=== Section Start ===

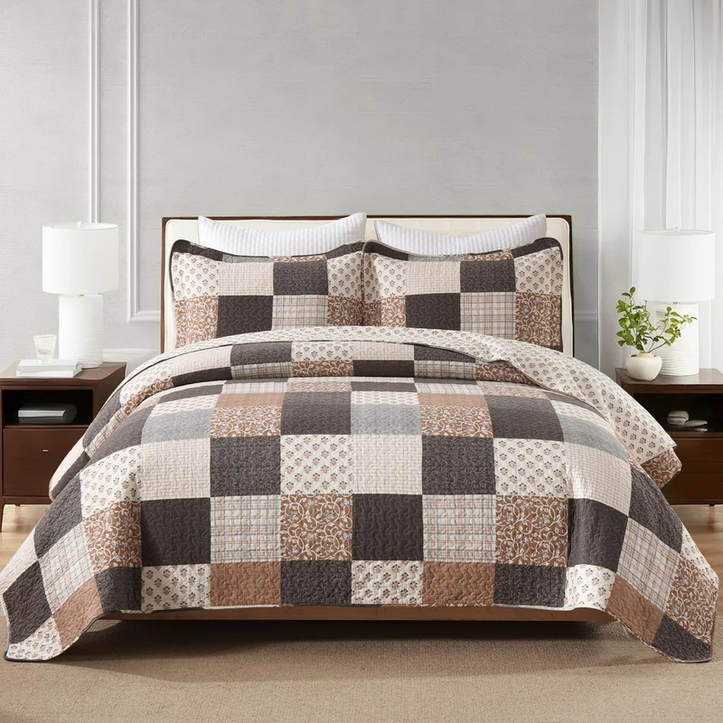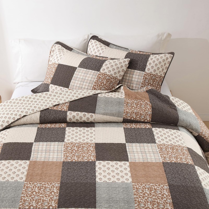 - ๐๐ฑ๐ช๐ฎ๐ข๐ฌ๐ข๐ญ๐ ๐๐จ๐๐๐ซ๐ง ๐๐๐ฌ๐ข๐ ๐ง: This reversible quilt set offers two distinct styles in one: Side A features a vintage-inspired of muted earth-toned checks, solids, and mini florals for rustic charm, while Side B presents a clean solid base with orderly stamped motifs for minimalist elegance. The versatile muted palette effortlessly complements farmhouse, modern, and eclectic decor styles
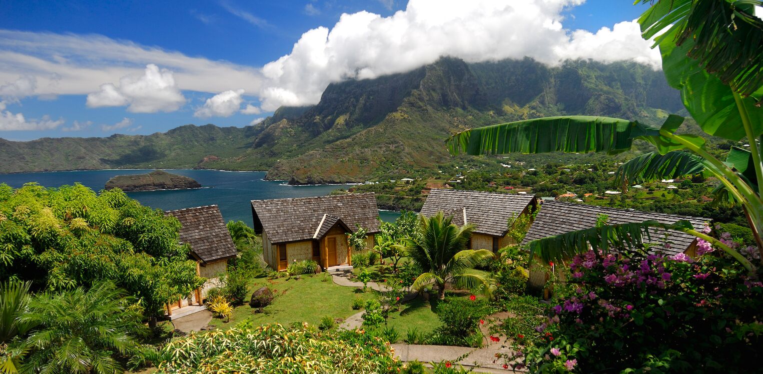 Transfert vers l’aéroport et vol pour Nuku Hiva (40 mn de vol env.). Arrivée à l’aéroport, transfert vers l’hôtel en véhicules 4×4 (env. 1 h 30). Au cours du trajet, vue sur les vallées de Tapueahu “le grand canyon marquisien” et sur le plateau de Toovi. Installation à l’hôtel, membre de la prestigieuse association Relais et Châteaux. Construit sur une colline, offrant un superbe panorama sur la baie et le village de Taiohae, il est le seul hôtel de l’île, niché au sein d’un jardin tropical. Ses bungalows s’intègrent parfaitement dans la nature environnante. Les œuvres d’art d’artistes locaux (sculptures sur bois, décorations murales en tapa…), présentes dans la propriété, donnent à l’ensemble une atmosphère typiquement marquisienne. Déjeuner libre. L’après-midi, excursion à Taiohae, la petite capitale administrative des Marquises. La baie spectaculaire de Taiohae, amphithéâtre volcanique géant dominé par des falaises imposantes parsemées de cascades, est l’endroit où l’écrivain Herman Melville, alors jeune marin de 23 ans, et son ami ont sauté d’un baleinier en 1842. Découverte du site de cérémonie Tohua Temehea sur lequel de récentes sculptures de pierre, inspirées des légendes anciennes, ont été disposées ; puis visite de sa cathédrale Notre-Dame, construite en 1973, sur le site d’un ancien tohua (plateforme de cérémonie). Elle abrite de nombreuses sculptures de bois réalisées par plusieurs artistes locaux. Enfin, petite promenade vers le site historique reconstitué de Koueva. Restauré pour le festival des Marquises en 2000, ce site présente idéalement différents éléments de la nature et de la culture marquisiennes. Retour à l’hôtel et dîner.
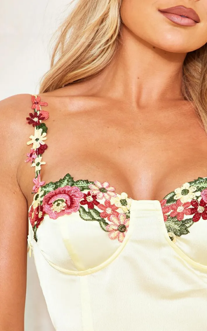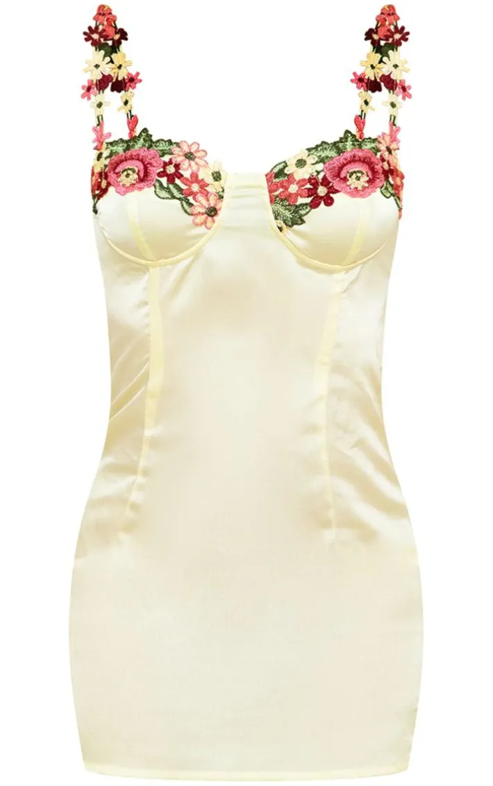 Got an occasion planned? This lemon satin flower trim detail strappy shift dress is sure to make you stand out from the crowd. Made from a dreamy lemon hue satin feel material and featuring flower trim detailing for that extra touch of glam, what more could you want? With adjustable thing straps and a figure-flattering shift style, you really can’t go wrong with this dress. Just add heels and statement accessories to complete the look we’re loving.
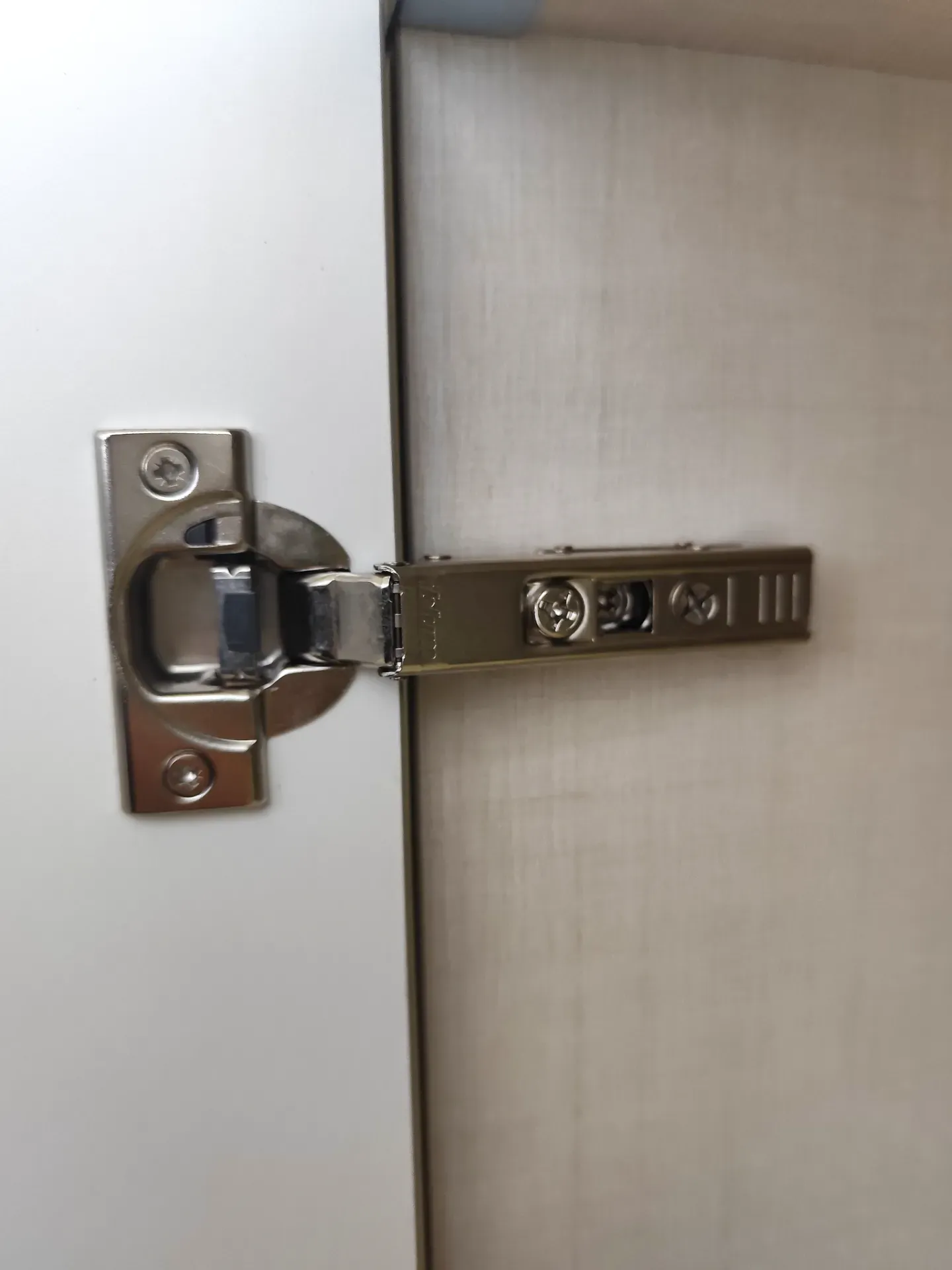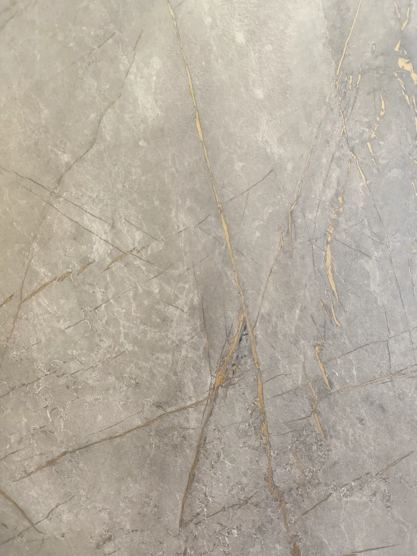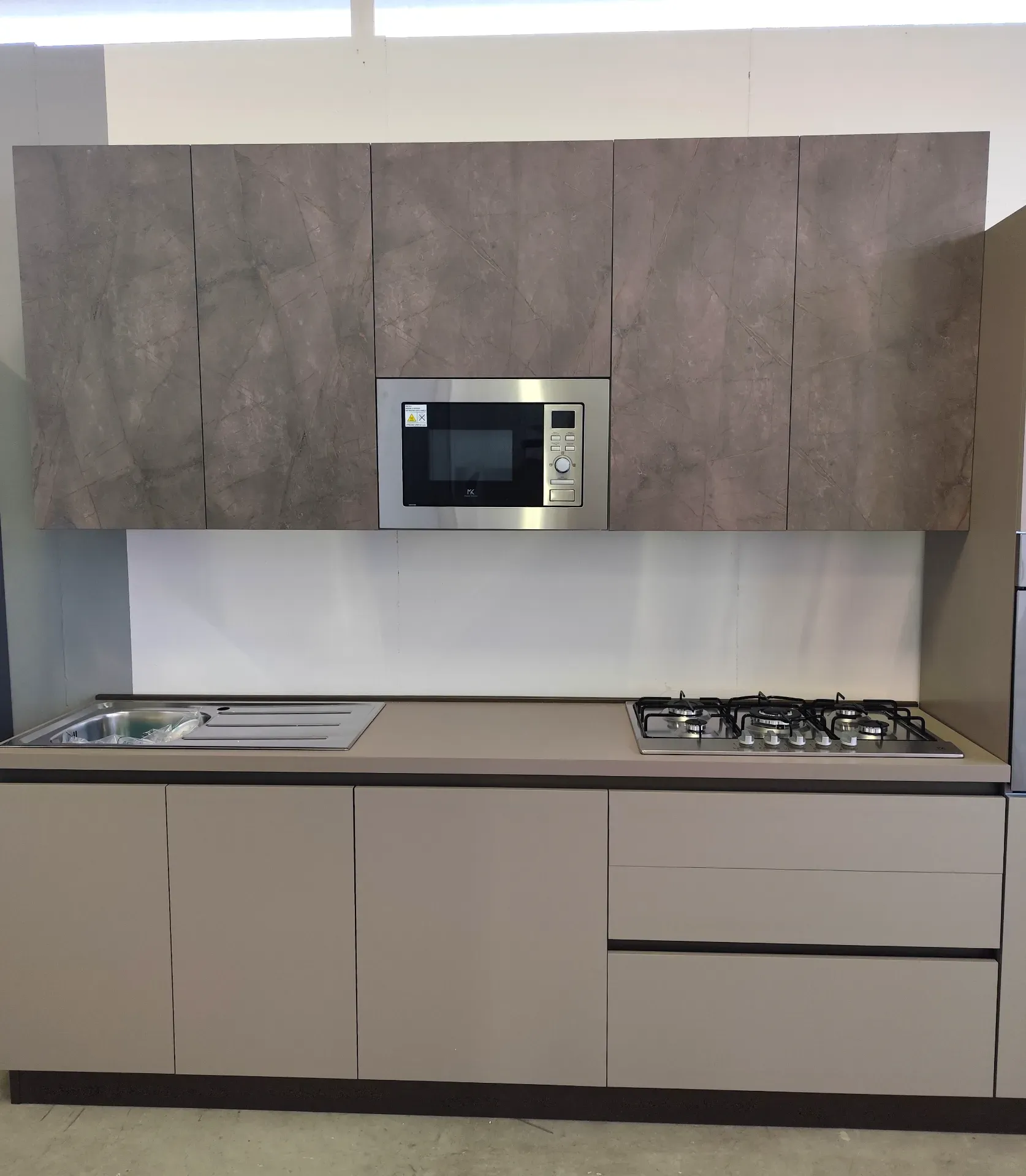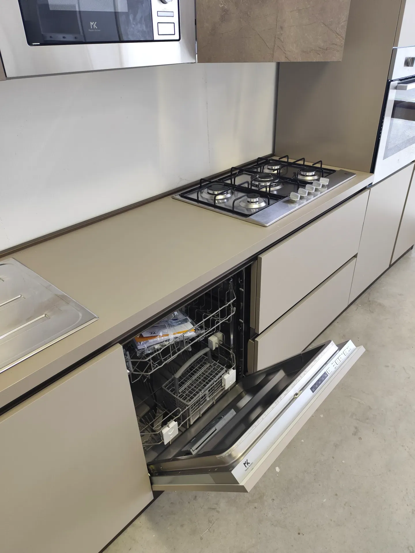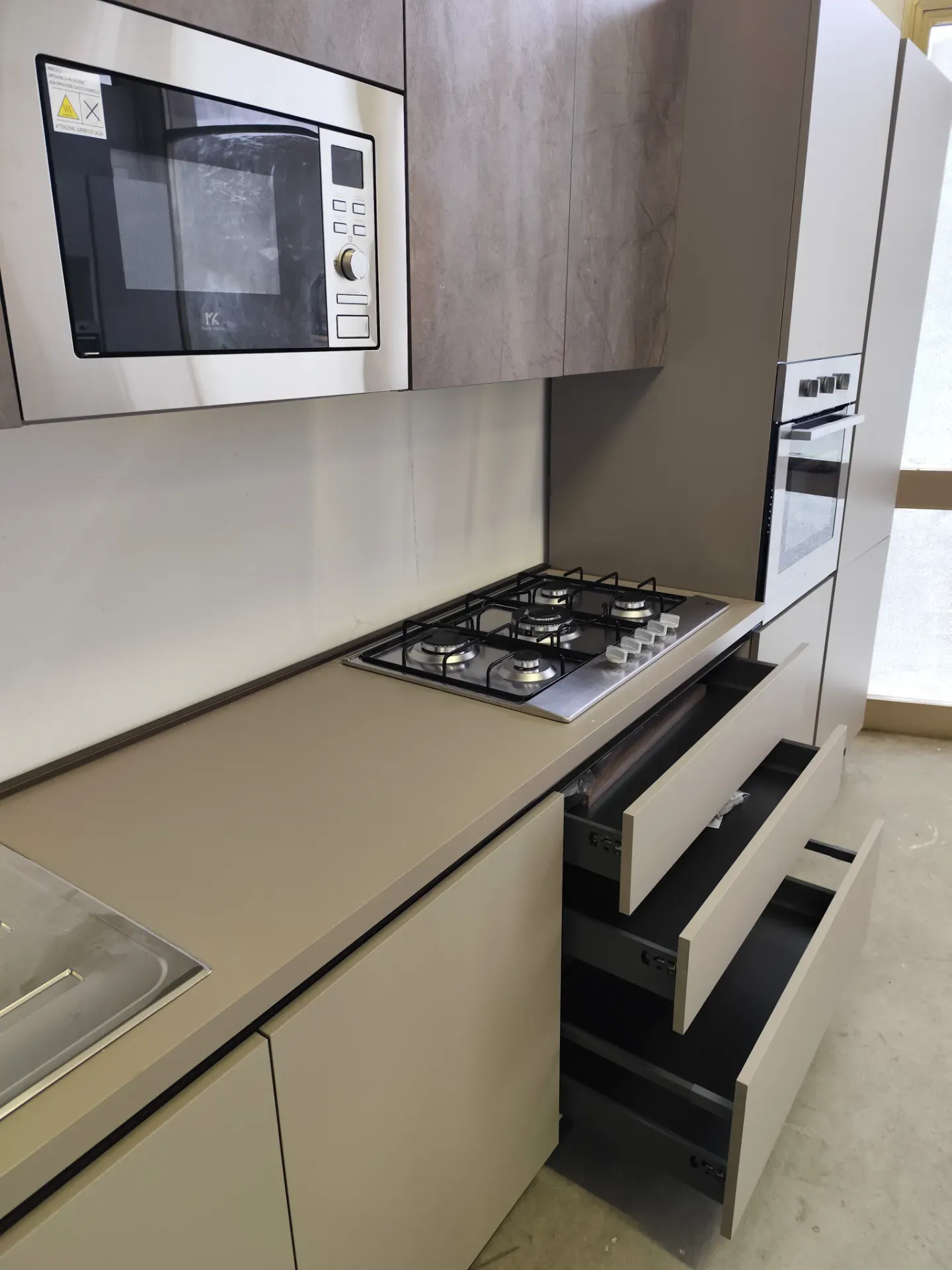 Nelle basi e colonne le ante sono opache color tortora, mentre nei pensili sono color Kaspio effetto cemento con venature oro; hanno tutte la cerniera rallentata della Blum.
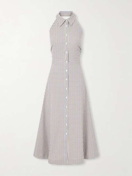 VERONICA BEARD Mackey checked cotton-seersucker midi dress

=== Section End ===

[What you should do]:
Transcribe all entries above exactly. Omit the pictures.

[Completed exercise]:
 - ๐๐ฑ๐ช๐ฎ๐ข๐ฌ๐ข๐ญ๐ ๐๐จ๐๐๐ซ๐ง ๐๐๐ฌ๐ข๐ ๐ง: This reversible quilt set offers two distinct styles in one: Side A features a vintage-inspired of muted earth-toned checks, solids, and mini florals for rustic charm, while Side B presents a clean solid base with orderly stamped motifs for minimalist elegance. The versatile muted palette effortlessly complements farmhouse, modern, and eclectic decor styles
 Transfert vers l’aéroport et vol pour Nuku Hiva (40 mn de vol env.). Arrivée à l’aéroport, transfert vers l’hôtel en véhicules 4×4 (env. 1 h 30). Au cours du trajet, vue sur les vallées de Tapueahu “le grand canyon marquisien” et sur le plateau de Toovi. Installation à l’hôtel, membre de la prestigieuse association Relais et Châteaux. Construit sur une colline, offrant un superbe panorama sur la baie et le village de Taiohae, il est le seul hôtel de l’île, niché au sein d’un jardin tropical. Ses bungalows s’intègrent parfaitement dans la nature environnante. Les œuvres d’art d’artistes locaux (sculptures sur bois, décorations murales en tapa…), présentes dans la propriété, donnent à l’ensemble une atmosphère typiquement marquisienne. Déjeuner libre. L’après-midi, excursion à Taiohae, la petite capitale administrative des Marquises. La baie spectaculaire de Taiohae, amphithéâtre volcanique géant dominé par des falaises imposantes parsemées de cascades, est l’endroit où l’écrivain Herman Melville, alors jeune marin de 23 ans, et son ami ont sauté d’un baleinier en 1842. Découverte du site de cérémonie Tohua Temehea sur lequel de récentes sculptures de pierre, inspirées des légendes anciennes, ont été disposées ; puis visite de sa cathédrale Notre-Dame, construite en 1973, sur le site d’un ancien tohua (plateforme de cérémonie). Elle abrite de nombreuses sculptures de bois réalisées par plusieurs artistes locaux. Enfin, petite promenade vers le site historique reconstitué de Koueva. Restauré pour le festival des Marquises en 2000, ce site présente idéalement différents éléments de la nature et de la culture marquisiennes. Retour à l’hôtel et dîner.
 Got an occasion planned? This lemon satin flower trim detail strappy shift dress is sure to make you stand out from the crowd. Made from a dreamy lemon hue satin feel material and featuring flower trim detailing for that extra touch of glam, what more could you want? With adjustable thing straps and a figure-flattering shift style, you really can’t go wrong with this dress. Just add heels and statement accessories to complete the look we’re loving.
 Nelle basi e colonne le ante sono opache color tortora, mentre nei pensili sono color Kaspio effetto cemento con venature oro; hanno tutte la cerniera rallentata della Blum.
 VERONICA BEARD Mackey checked cotton-seersucker midi dress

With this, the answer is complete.